------ DATA RECORDS
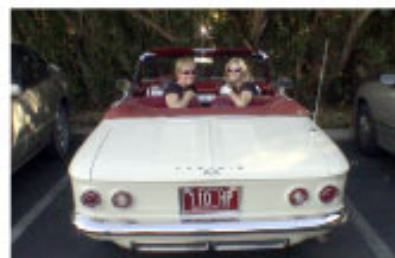
My '64 convertible at a recent high school reunion in Tucson displaying some very fine... lines.
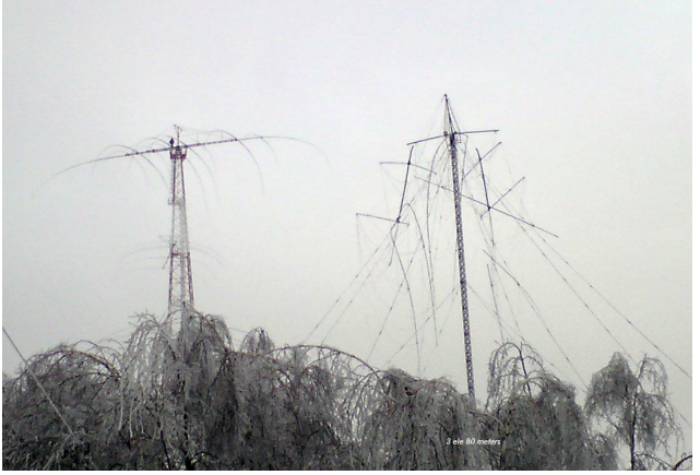
RD3A beam antenna following a freezing rain in Europe. Note that the ice overloaded and broke the trees as well as the beam elements.

The following photo of the RD3A antenna farm is relevant only due to the weather we share and as an example of what we all might experience in the event of a freezing rain.
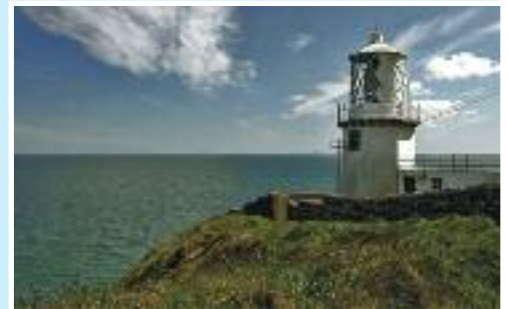
doghouse (028 9187 3655)
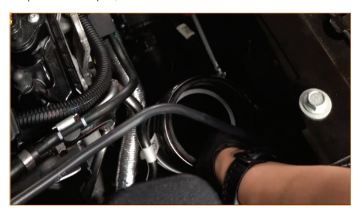
19. Temporarily disconnect the electrical harness shown to gain more clearance when installing the driver-side intake.

18. Install the hump coupler to the CNC adapter with the two 70-90mm worm gear clamps. Tighten one of the worm gear clamps to secure the coupler to the adapter, leave the other one loose.
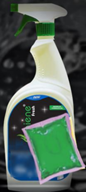
Tile & Grout Cleaner
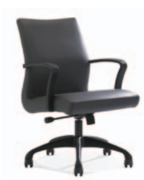
795 Conference Chair
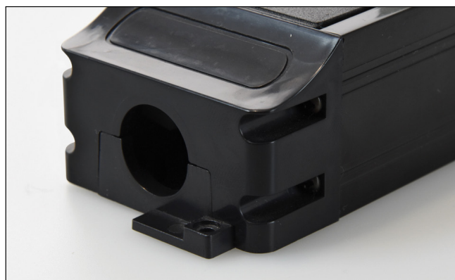
20mm Gland hole with connecting block
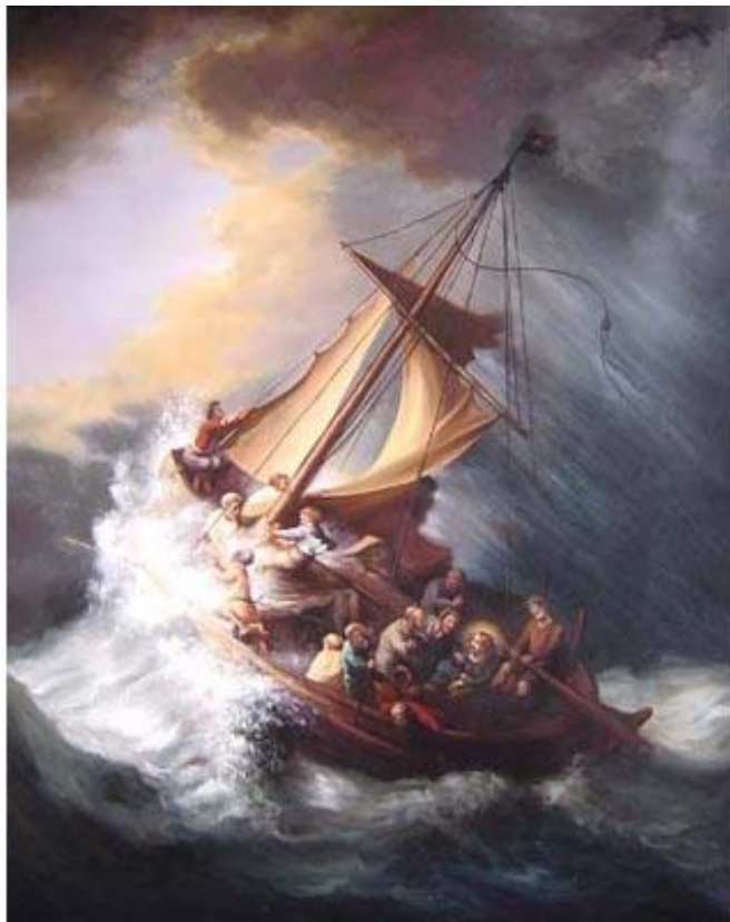
The Storm on the Sea of Galilee Rembrandt, 1633

Should financial resilience be part of public policy?
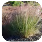
Aristida purpurea - Purple Threeawn May-September. Dry soils.

z: 3 h: 1'-3' s: 1'-1.5' ☀️ ☀️ ☀️ 🌱 🌸 🦌 🏠
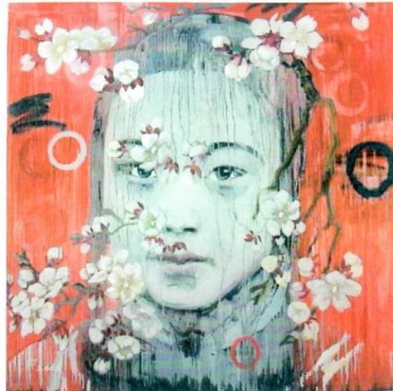
Hung Liu, Visage IV, oil on canvas, 72 x 72 inches, 2004
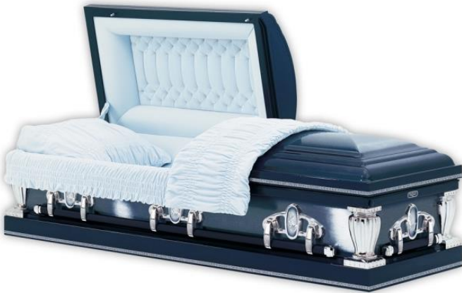
Augustine Metallic Blue
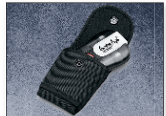
For additional carry options, a black cordura carry pouch is sold separately.
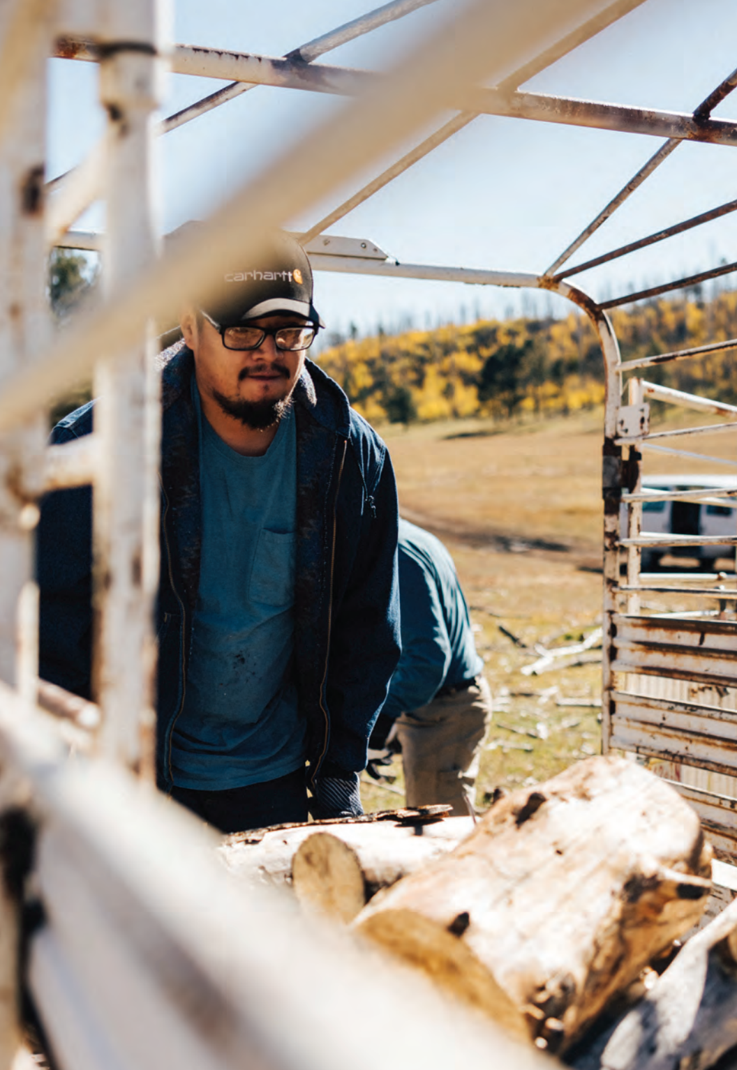
Firewood ministry in Gallup, New Mexico
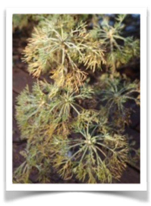
Artemisia abrotanum
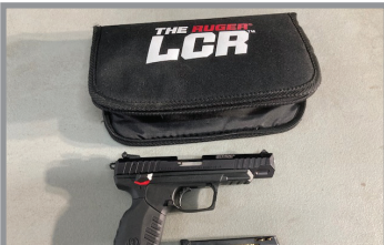
Ruger .22 Pistol
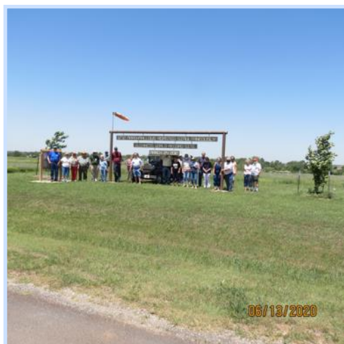
Wichita A's at Marion Lake Guinness World Record Site.

Completing our lunch the group headed out for one last mission in Marion. The A's participated in a round the lake car cruise and photo stop at the 2012 Guinness World Record Site where "1272 Marshmallows ere Roasted Simultaneously." With a successful picture moment to document our travels, the Wichita A's proved once again small town America and oddities in life make some of the most interesting stops.
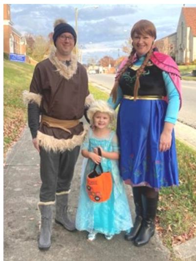
The Blevins family
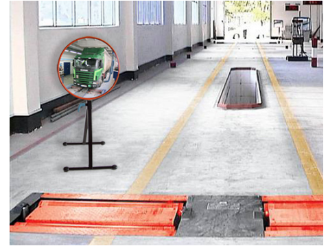
▶ Vehicle Testing Station
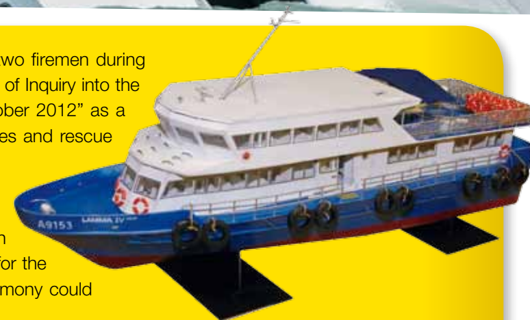
消防人員製作的「南丫四號」模型 The scale model of “Lamma IV” made by FSD personnel
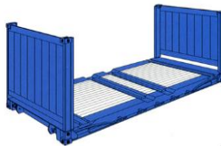
20' Collapsible Flat Rack
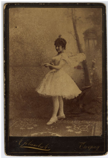
Studio portrait of a ballerina
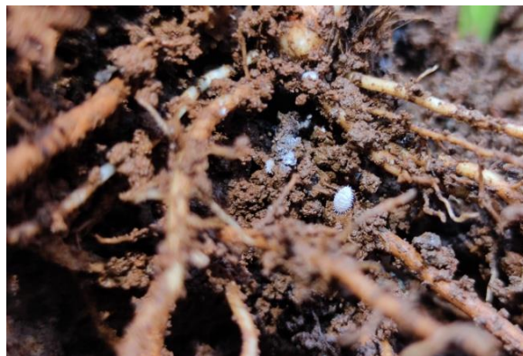
Fig. 5. D. brevipes colonies on the rhizosphere of sweet flag
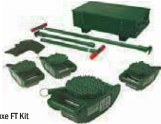
Deluxe FT Kit

Everything required to make heavy moves up to 200 tons is included in Hilman's Deluxe Kits and Economy Sets! Both include four swivel locking Hilman Rollers with either padded or diamond steel tops and two steering handles. Four preload pads are also included with rollers having the SLD style top. Sets contain full length steering handles. Kits contain knock down handles that fit into a sturdy storage case. Kit cases are lockable and have lifting grips for easy handling, providing protection from exposure and theft. Each kit or set provides the necessary gear to tackle a moving project up to that respective capacity.
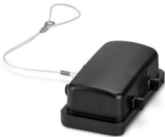
Protective cover B10, for double locking latch, protective cover material: PC, height: 26.3 mm, seal: no

Please be informed that the data shown in this PDF document is generated from our online catalog. Please find the complete data in the user documentation. Our general terms of use for downloads are valid.
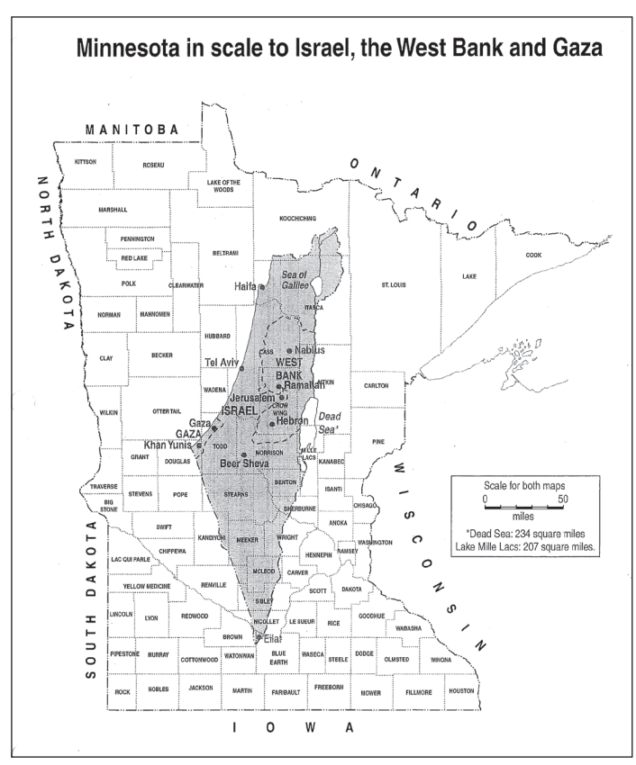
By banning the right to boycott, state law elevates Israel over the constitutional right of free speech for its own Minnesota citizens.

With the ban on boycotting, state legislators have elevated Israel over their own U.S. constituents' constitutional right of free speech.
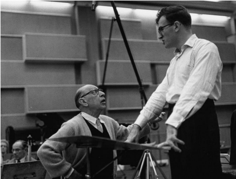
Igor Stravinsky and Robert Craft

To give an example of Craft's extraordinary service to Stravinsky, take that fascinating work from 1954, In Memoriam Dylan Thomas , a setting of Thomas's most famous poem, Do Not Go Gentle Into That Good Night , for string quartet, trombone quartet and tenor voice. After Thomas (a brief but intense acquaintance of the composer's) died, Craft, who had begun to share the composer's life several years earlier, suggested that Stravinsky set the poem to music. Craft read out loud Do Not Go Gentle with the composer (whose English was lively but unorthodox), no doubt emphasizing the poem's scansion, drawing attention to the plangent, quasi-musical echoes in its traditional villanelle form and elucidating its meaning. An enthusiast for pre-Bach music, Craft had introduced Stravinsky to the baroque composer Heinrich Schutz and his use of the trombone quartet as well as the musical forms of the dirge and the canon. A champion of the Second Viennese School and an acquaintance of Schoenberg as well, Craft explained to Stravinsky the Viennese composer's use of serialism, a systematic way of writing atonally that is loosely and idiosyncratically the basis for In Memoriam . Craft conducted
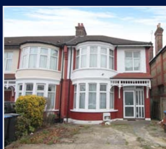
Riverway, N13 SOLD £685,000
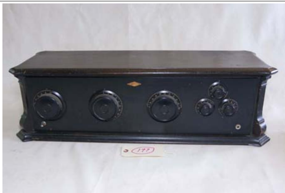
177. Splitdorf / model? TRF; circa 1924-1926; no tubes
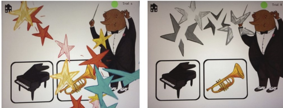
Figure 1. Positive and negative feedback from the TimbreApp melodic priming paradigm.

Language screening test. A Language screening test (British Picture Vocabulary Scale; Dunn, Whetton, & Burley, 1997) was administered to all participants with the aim of determining whether they possessed an adequate level of English language understanding. Age equivalent standardized scores were used in subsequent analyses.
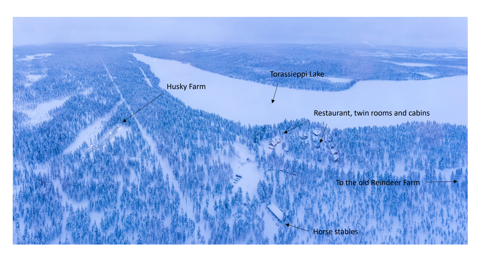
Aerial view of Torassieppi
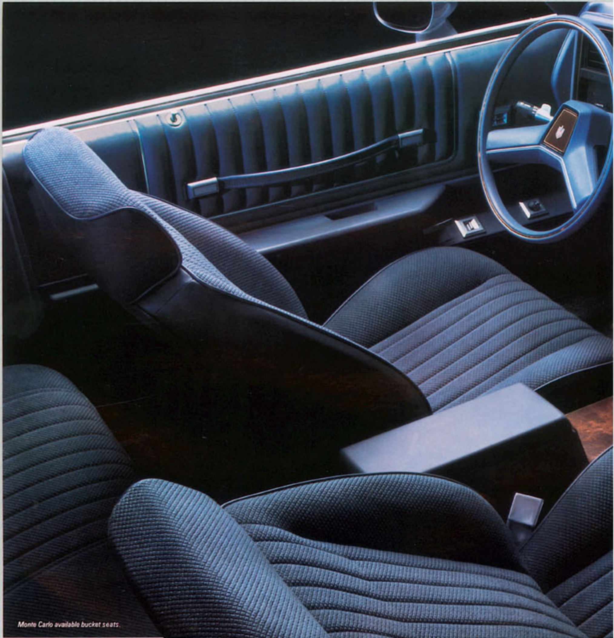
Monte Carlo available bucket seats.
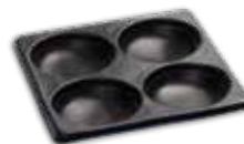
Non-stick mould 4x
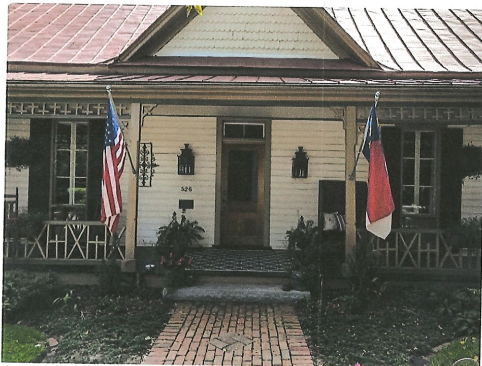
Proposed Front Door
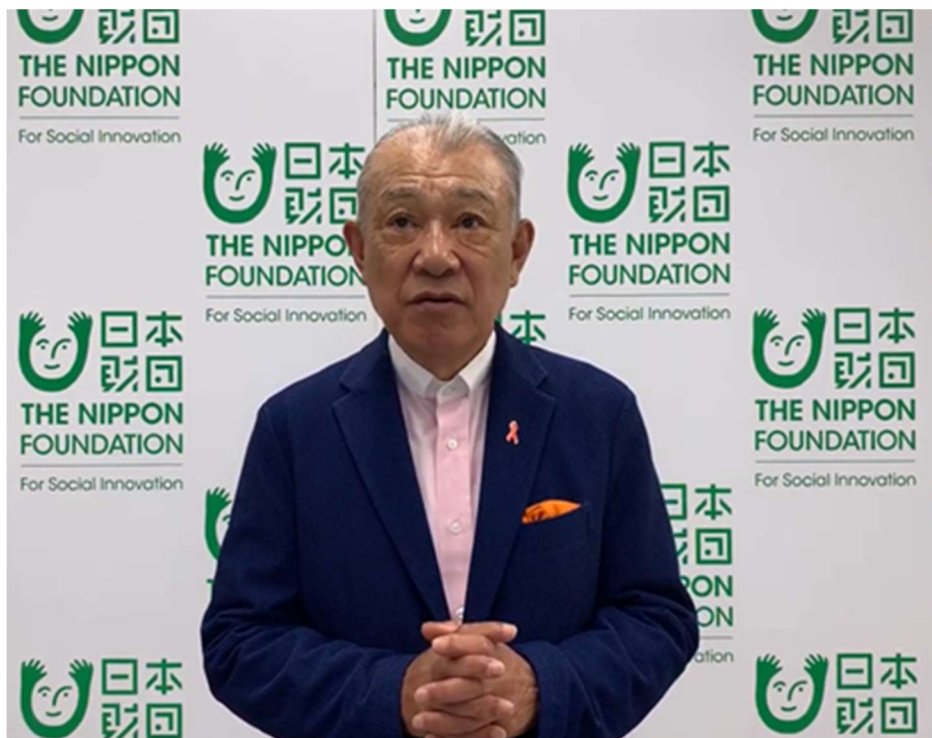
Dr. Yohei Sasakawa (Chairman, The Nippon Foundation) delivering a message during the Institute's 32 nd Annual Graduation Ceremony

Dr. Yohei Sasakawa (Chairman, The Nippon Foundation) delivered a message to the eminent attendees and graduands on the occasion of the Institute's 32 nd Annual Graduation Ceremony held on Friday, 3 September 2021.
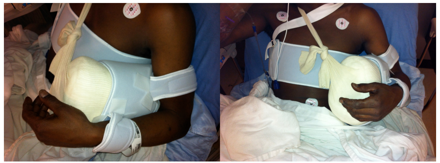
Figure 8. The ideal shoulder immobilization position of 10 degrees of external rotation and 20 degrees of abduction.
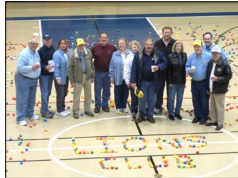
Bloomingdale Lions scattered 3,000 eggs over the gym floor
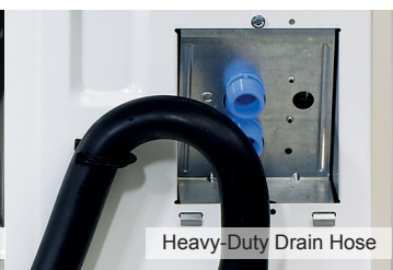
Heavy-Duty Drain Hose
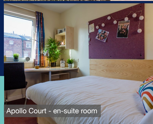
Apollo Court - en-suite room
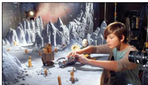
The shop continues to work on stop-motion work in its model shop.
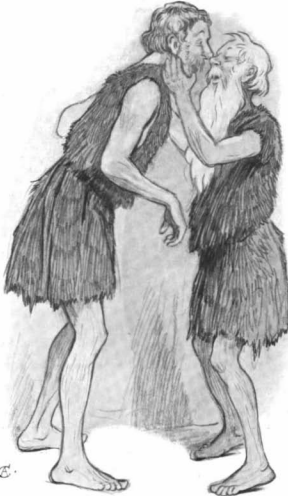
"Did him the honour of rubbing noses."

bone. Upon my beloved kinsman I bestow the insignia of the Order, which henceforth he shall wear around his neck as a token to all men of his valour and genius in war. I direct, further, that this mighty warrior shall be addressed as 'Ug, wearer of the Knucklebone!'"
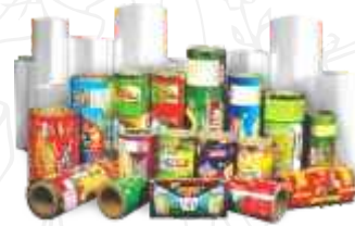
LDPE LAMINATION FILMS FOR PET, BOPP AND CPP LAMINATION
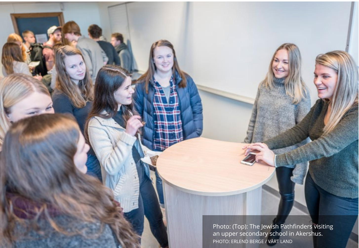
Photo: (Top): The Jewish Pathfinders visiting an upper secondary school in Akershus.
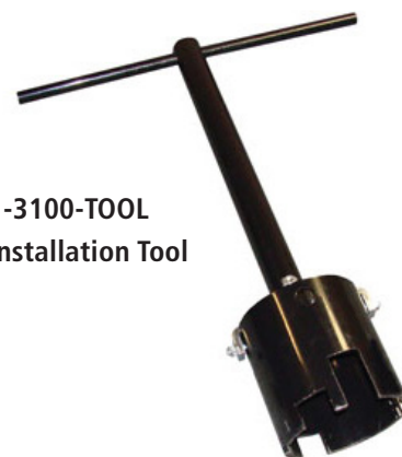
1-3100-TOOL Installation Tool
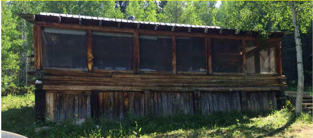
Weathered unsealed siding with cracks and crevices that will trap embers, and allow entry of flames.

You can now keep up on daily news and events with Bighorn Basin Firewise. Go to: https://www.facebook.com/bighornbasin.firewise
------------
→ **YOUR ASSIGNMENT**
An exact, picture-free copy of the entries is required.

→ **RESPONSE TO THE EXERCISE**
My '64 convertible at a recent high school reunion in Tucson displaying some very fine... lines.
RD3A beam antenna following a freezing rain in Europe. Note that the ice overloaded and broke the trees as well as the beam elements.

The following photo of the RD3A antenna farm is relevant only due to the weather we share and as an example of what we all might experience in the event of a freezing rain.
doghouse (028 9187 3655)
19. Temporarily disconnect the electrical harness shown to gain more clearance when installing the driver-side intake.

18. Install the hump coupler to the CNC adapter with the two 70-90mm worm gear clamps. Tighten one of the worm gear clamps to secure the coupler to the adapter, leave the other one loose.
Tile & Grout Cleaner
795 Conference Chair
20mm Gland hole with connecting block
The Storm on the Sea of Galilee Rembrandt, 1633

Should financial resilience be part of public policy?
Aristida purpurea - Purple Threeawn May-September. Dry soils.

z: 3 h: 1'-3' s: 1'-1.5' ☀️ ☀️ ☀️ 🌱 🌸 🦌 🏠
Hung Liu, Visage IV, oil on canvas, 72 x 72 inches, 2004
Augustine Metallic Blue
For additional carry options, a black cordura carry pouch is sold separately.
Firewood ministry in Gallup, New Mexico
Artemisia abrotanum
Ruger .22 Pistol
Wichita A's at Marion Lake Guinness World Record Site.

Completing our lunch the group headed out for one last mission in Marion. The A's participated in a round the lake car cruise and photo stop at the 2012 Guinness World Record Site where "1272 Marshmallows ere Roasted Simultaneously." With a successful picture moment to document our travels, the Wichita A's proved once again small town America and oddities in life make some of the most interesting stops.
The Blevins family
▶ Vehicle Testing Station
消防人員製作的「南丫四號」模型 The scale model of “Lamma IV” made by FSD personnel
20' Collapsible Flat Rack
Studio portrait of a ballerina
Fig. 5. D. brevipes colonies on the rhizosphere of sweet flag
Deluxe FT Kit

Everything required to make heavy moves up to 200 tons is included in Hilman's Deluxe Kits and Economy Sets! Both include four swivel locking Hilman Rollers with either padded or diamond steel tops and two steering handles. Four preload pads are also included with rollers having the SLD style top. Sets contain full length steering handles. Kits contain knock down handles that fit into a sturdy storage case. Kit cases are lockable and have lifting grips for easy handling, providing protection from exposure and theft. Each kit or set provides the necessary gear to tackle a moving project up to that respective capacity.
Protective cover B10, for double locking latch, protective cover material: PC, height: 26.3 mm, seal: no

Please be informed that the data shown in this PDF document is generated from our online catalog. Please find the complete data in the user documentation. Our general terms of use for downloads are valid.
By banning the right to boycott, state law elevates Israel over the constitutional right of free speech for its own Minnesota citizens.

With the ban on boycotting, state legislators have elevated Israel over their own U.S. constituents' constitutional right of free speech.
Igor Stravinsky and Robert Craft

To give an example of Craft's extraordinary service to Stravinsky, take that fascinating work from 1954, In Memoriam Dylan Thomas , a setting of Thomas's most famous poem, Do Not Go Gentle Into That Good Night , for string quartet, trombone quartet and tenor voice. After Thomas (a brief but intense acquaintance of the composer's) died, Craft, who had begun to share the composer's life several years earlier, suggested that Stravinsky set the poem to music. Craft read out loud Do Not Go Gentle with the composer (whose English was lively but unorthodox), no doubt emphasizing the poem's scansion, drawing attention to the plangent, quasi-musical echoes in its traditional villanelle form and elucidating its meaning. An enthusiast for pre-Bach music, Craft had introduced Stravinsky to the baroque composer Heinrich Schutz and his use of the trombone quartet as well as the musical forms of the dirge and the canon. A champion of the Second Viennese School and an acquaintance of Schoenberg as well, Craft explained to Stravinsky the Viennese composer's use of serialism, a systematic way of writing atonally that is loosely and idiosyncratically the basis for In Memoriam . Craft conducted
Riverway, N13 SOLD £685,000
177. Splitdorf / model? TRF; circa 1924-1926; no tubes
Figure 1. Positive and negative feedback from the TimbreApp melodic priming paradigm.

Language screening test. A Language screening test (British Picture Vocabulary Scale; Dunn, Whetton, & Burley, 1997) was administered to all participants with the aim of determining whether they possessed an adequate level of English language understanding. Age equivalent standardized scores were used in subsequent analyses.
Aerial view of Torassieppi
Monte Carlo available bucket seats.
Non-stick mould 4x
Proposed Front Door
Dr. Yohei Sasakawa (Chairman, The Nippon Foundation) delivering a message during the Institute's 32 nd Annual Graduation Ceremony

Dr. Yohei Sasakawa (Chairman, The Nippon Foundation) delivered a message to the eminent attendees and graduands on the occasion of the Institute's 32 nd Annual Graduation Ceremony held on Friday, 3 September 2021.
Figure 8. The ideal shoulder immobilization position of 10 degrees of external rotation and 20 degrees of abduction.
Bloomingdale Lions scattered 3,000 eggs over the gym floor
Heavy-Duty Drain Hose
Apollo Court - en-suite room
The shop continues to work on stop-motion work in its model shop.
"Did him the honour of rubbing noses."

bone. Upon my beloved kinsman I bestow the insignia of the Order, which henceforth he shall wear around his neck as a token to all men of his valour and genius in war. I direct, further, that this mighty warrior shall be addressed as 'Ug, wearer of the Knucklebone!'"
LDPE LAMINATION FILMS FOR PET, BOPP AND CPP LAMINATION
Photo: (Top): The Jewish Pathfinders visiting an upper secondary school in Akershus.
1-3100-TOOL Installation Tool
Weathered unsealed siding with cracks and crevices that will trap embers, and allow entry of flames.

You can now keep up on daily news and events with Bighorn Basin Firewise. Go to: https://www.facebook.com/bighornbasin.firewise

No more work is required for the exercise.